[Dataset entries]
==========

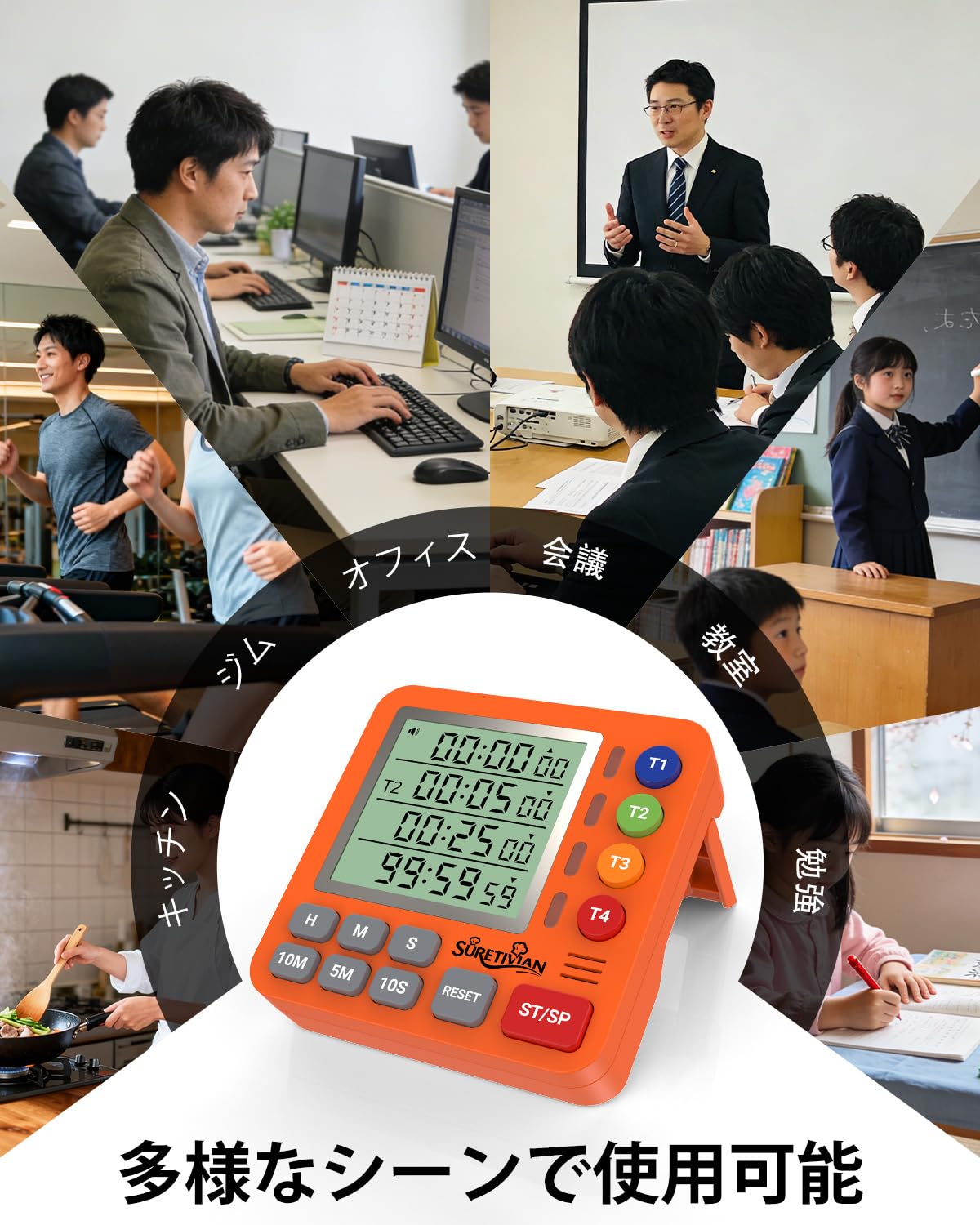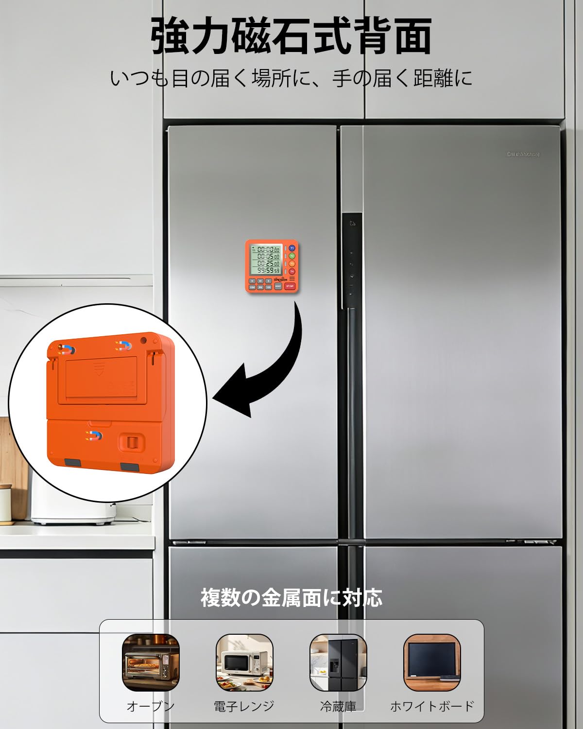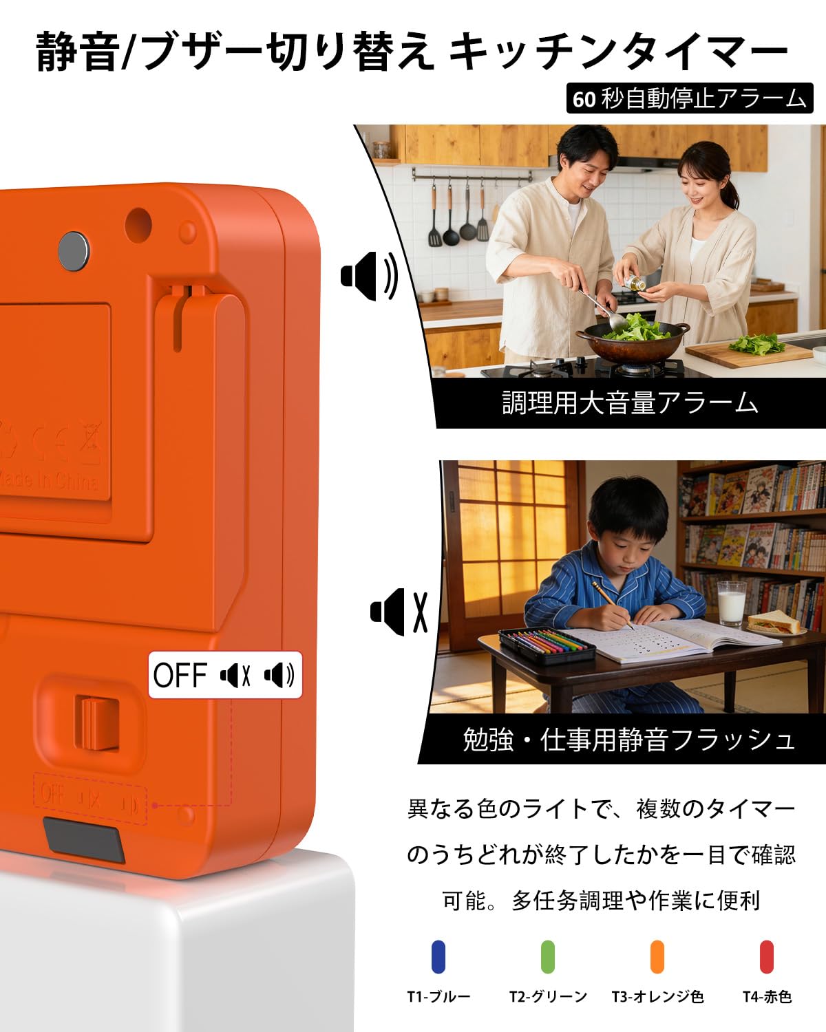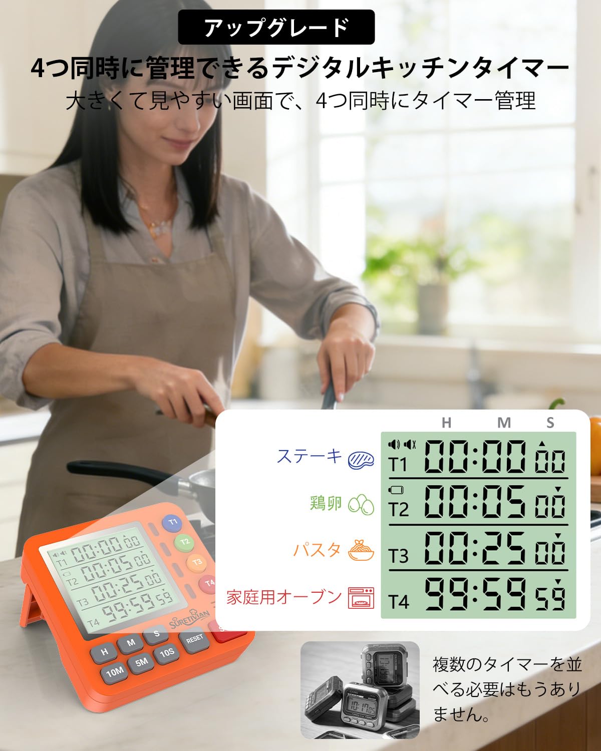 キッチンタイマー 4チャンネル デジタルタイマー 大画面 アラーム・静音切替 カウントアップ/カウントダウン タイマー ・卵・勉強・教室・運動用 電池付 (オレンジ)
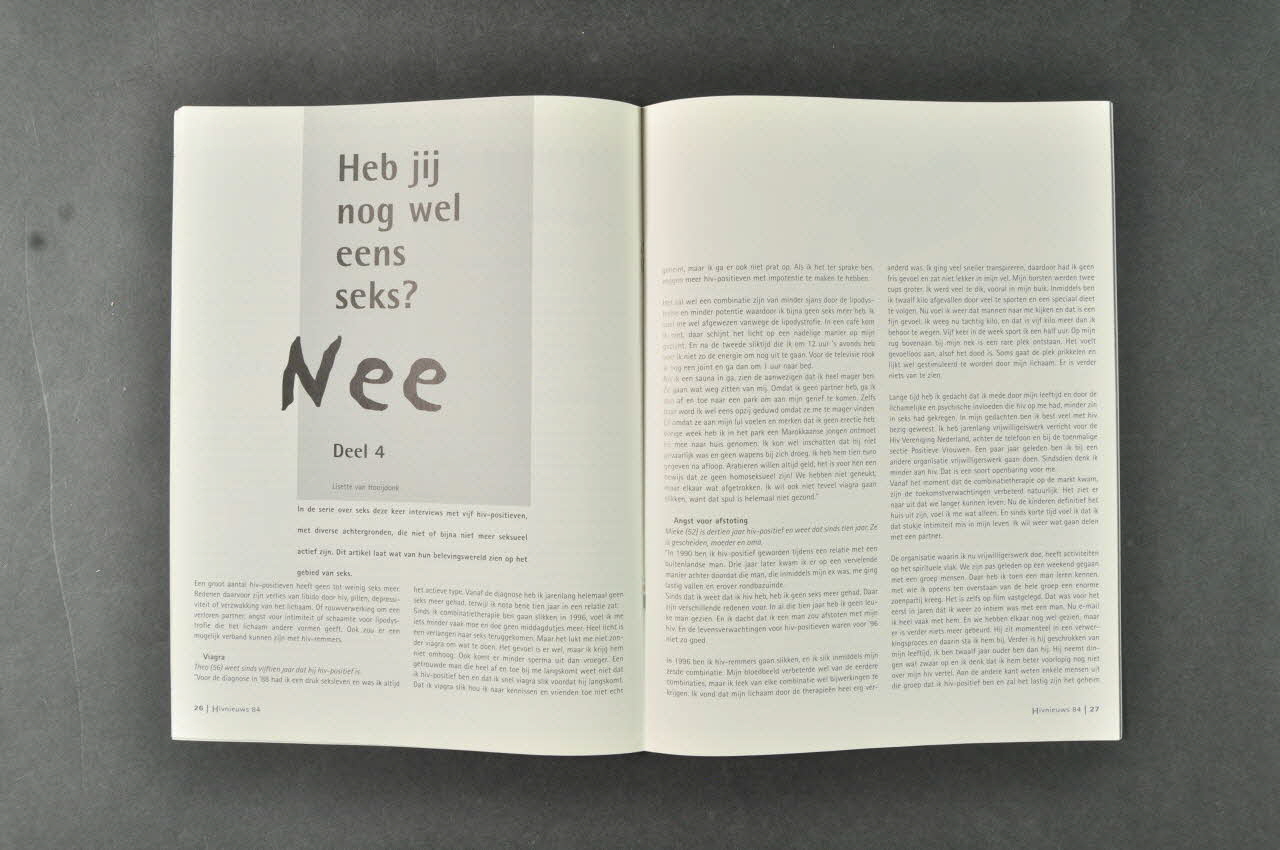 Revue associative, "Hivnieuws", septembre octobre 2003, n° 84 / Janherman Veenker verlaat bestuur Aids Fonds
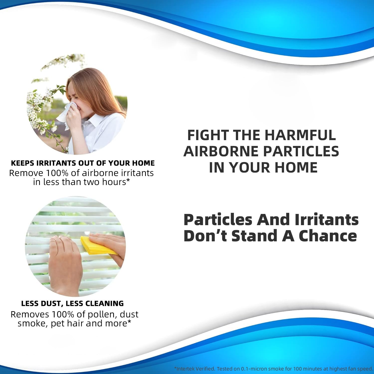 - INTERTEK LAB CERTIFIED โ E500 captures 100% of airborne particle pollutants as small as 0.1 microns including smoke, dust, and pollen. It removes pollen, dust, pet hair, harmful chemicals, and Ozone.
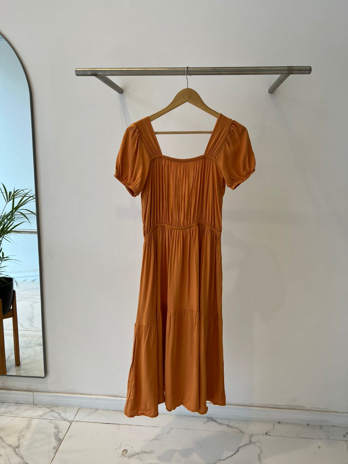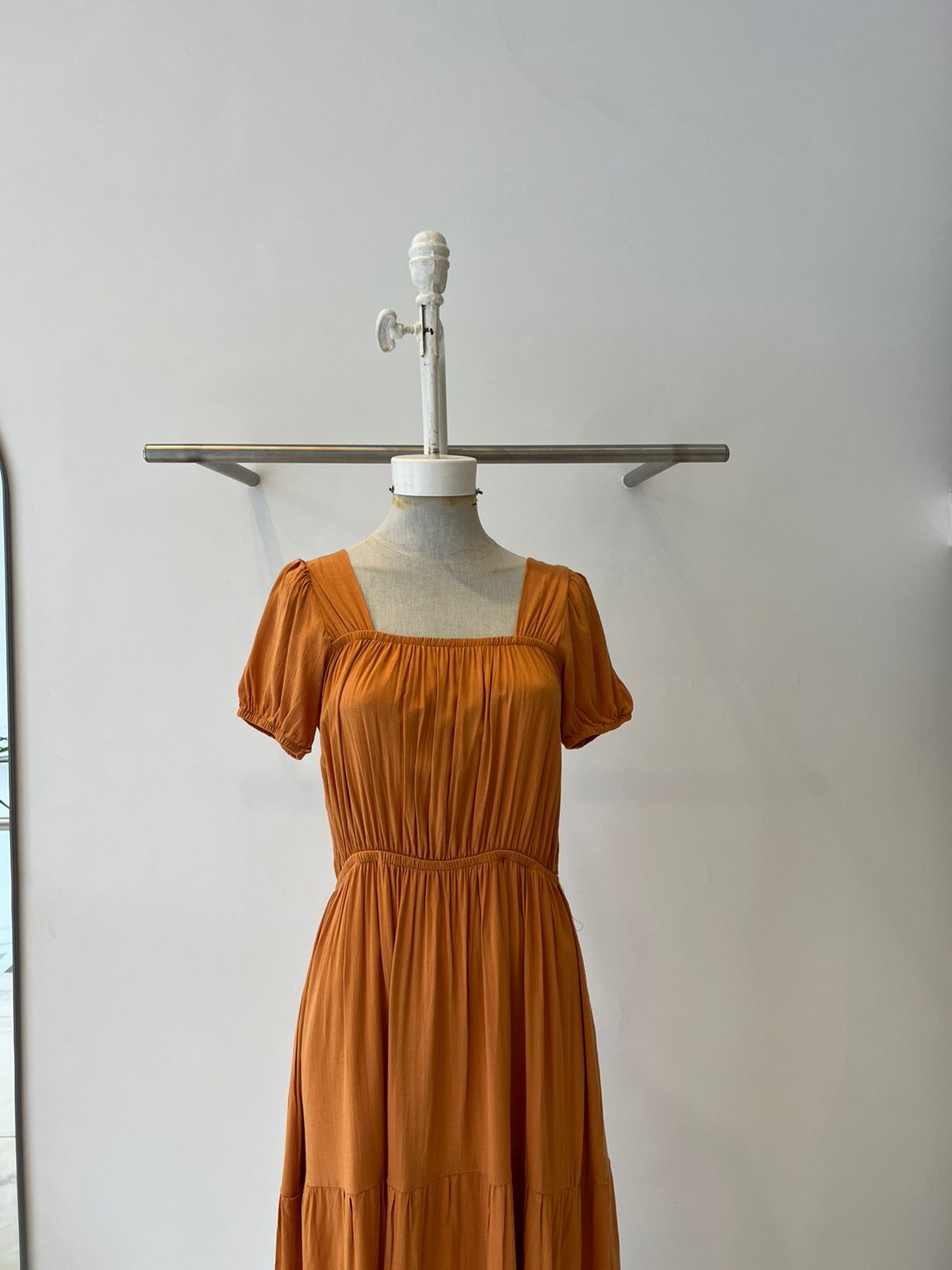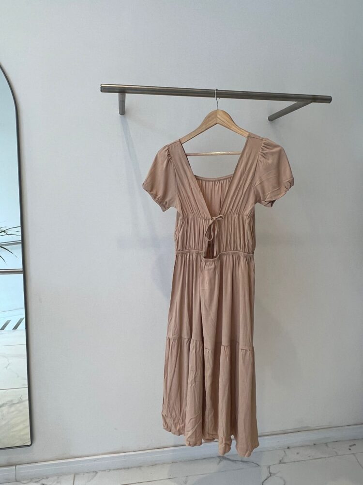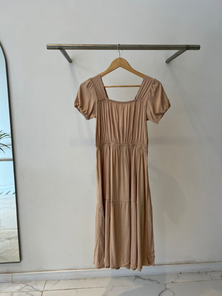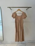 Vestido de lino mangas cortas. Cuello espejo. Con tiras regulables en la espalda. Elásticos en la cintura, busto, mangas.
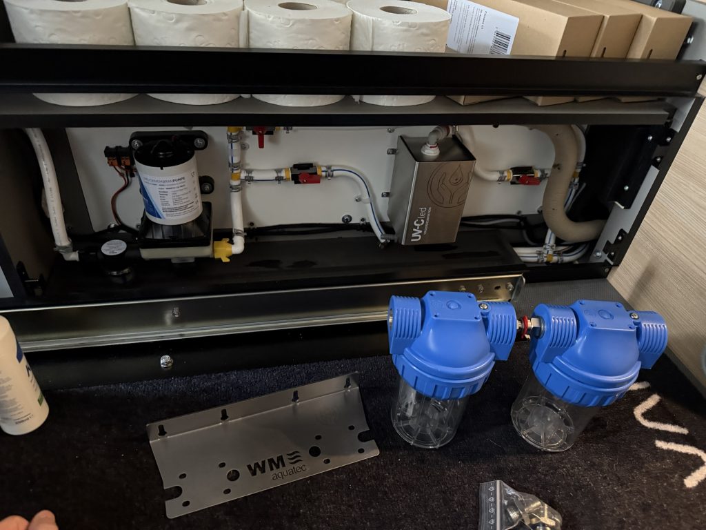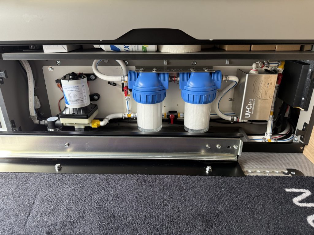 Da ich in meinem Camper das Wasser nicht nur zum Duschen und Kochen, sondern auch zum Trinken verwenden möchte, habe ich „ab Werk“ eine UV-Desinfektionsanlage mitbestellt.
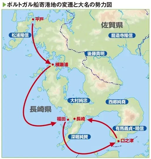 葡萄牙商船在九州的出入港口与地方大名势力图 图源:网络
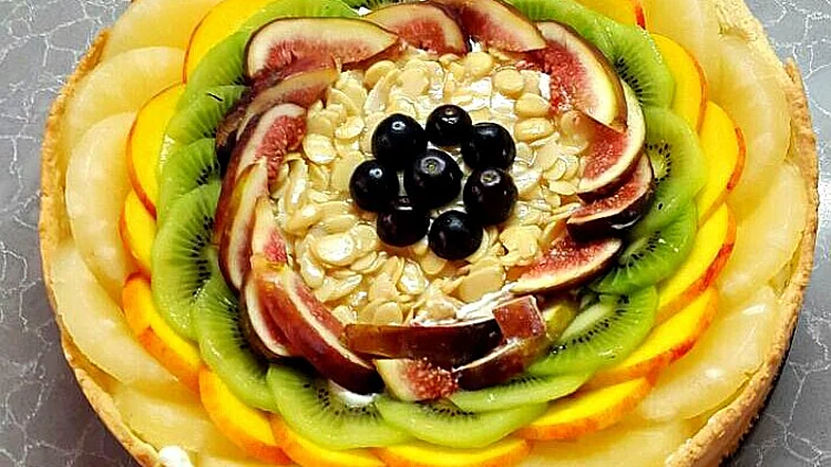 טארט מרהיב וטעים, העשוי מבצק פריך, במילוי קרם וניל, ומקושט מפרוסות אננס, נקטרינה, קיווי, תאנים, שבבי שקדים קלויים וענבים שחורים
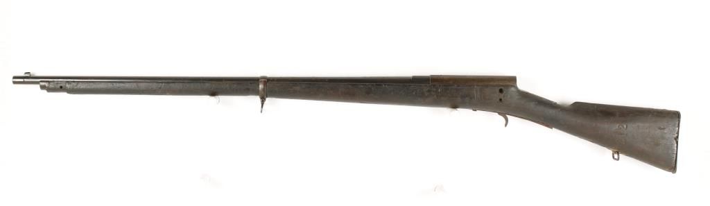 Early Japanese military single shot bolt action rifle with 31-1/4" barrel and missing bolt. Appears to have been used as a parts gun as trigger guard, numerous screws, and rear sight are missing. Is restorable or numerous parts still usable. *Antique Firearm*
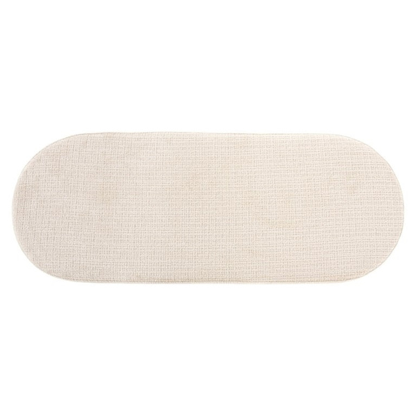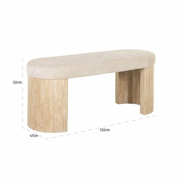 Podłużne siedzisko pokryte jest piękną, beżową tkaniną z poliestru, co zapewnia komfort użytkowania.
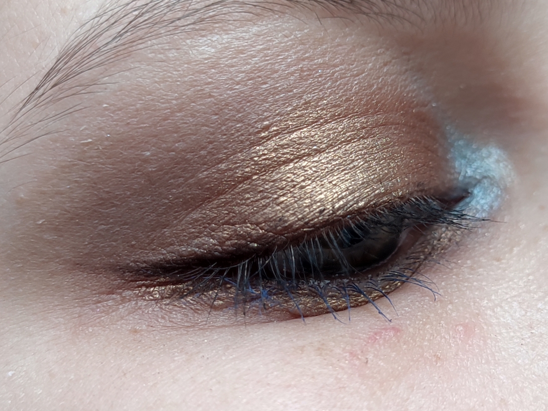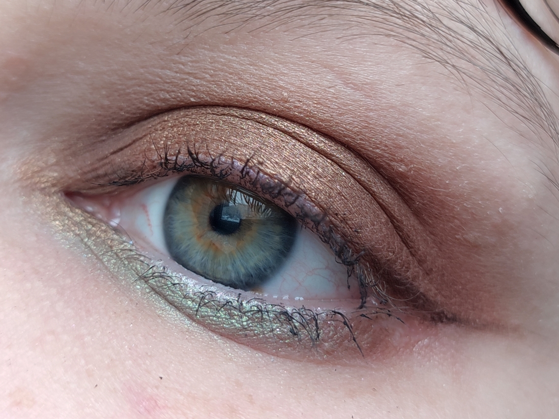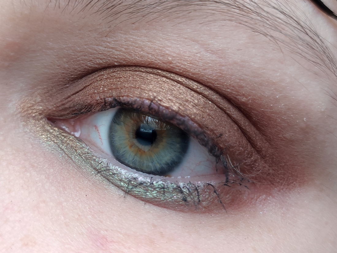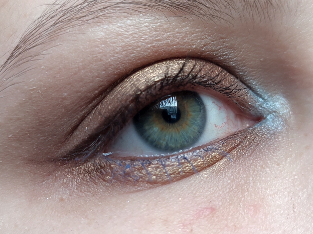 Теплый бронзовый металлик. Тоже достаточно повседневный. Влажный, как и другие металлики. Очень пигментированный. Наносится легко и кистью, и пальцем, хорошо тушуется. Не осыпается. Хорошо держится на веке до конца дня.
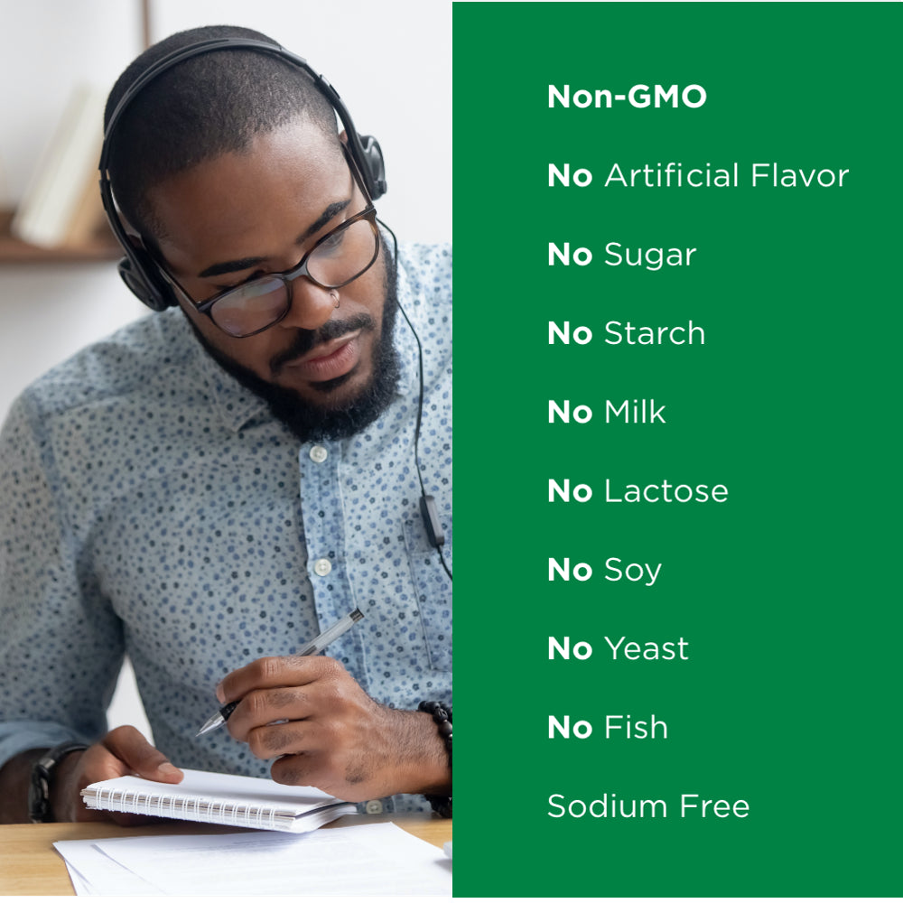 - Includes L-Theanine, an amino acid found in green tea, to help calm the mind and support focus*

==========

● Work to complete
Word for word, give the entries above again, with no images included.

● Response
 キッチンタイマー 4チャンネル デジタルタイマー 大画面 アラーム・静音切替 カウントアップ/カウントダウン タイマー ・卵・勉強・教室・運動用 電池付 (オレンジ)
 Revue associative, "Hivnieuws", septembre octobre 2003, n° 84 / Janherman Veenker verlaat bestuur Aids Fonds
 - INTERTEK LAB CERTIFIED โ E500 captures 100% of airborne particle pollutants as small as 0.1 microns including smoke, dust, and pollen. It removes pollen, dust, pet hair, harmful chemicals, and Ozone.
 Vestido de lino mangas cortas. Cuello espejo. Con tiras regulables en la espalda. Elásticos en la cintura, busto, mangas.
 Da ich in meinem Camper das Wasser nicht nur zum Duschen und Kochen, sondern auch zum Trinken verwenden möchte, habe ich „ab Werk“ eine UV-Desinfektionsanlage mitbestellt.
 葡萄牙商船在九州的出入港口与地方大名势力图 图源:网络
 טארט מרהיב וטעים, העשוי מבצק פריך, במילוי קרם וניל, ומקושט מפרוסות אננס, נקטרינה, קיווי, תאנים, שבבי שקדים קלויים וענבים שחורים
 Early Japanese military single shot bolt action rifle with 31-1/4" barrel and missing bolt. Appears to have been used as a parts gun as trigger guard, numerous screws, and rear sight are missing. Is restorable or numerous parts still usable. *Antique Firearm*
 Podłużne siedzisko pokryte jest piękną, beżową tkaniną z poliestru, co zapewnia komfort użytkowania.
 Теплый бронзовый металлик. Тоже достаточно повседневный. Влажный, как и другие металлики. Очень пигментированный. Наносится легко и кистью, и пальцем, хорошо тушуется. Не осыпается. Хорошо держится на веке до конца дня.
 - Includes L-Theanine, an amino acid found in green tea, to help calm the mind and support focus*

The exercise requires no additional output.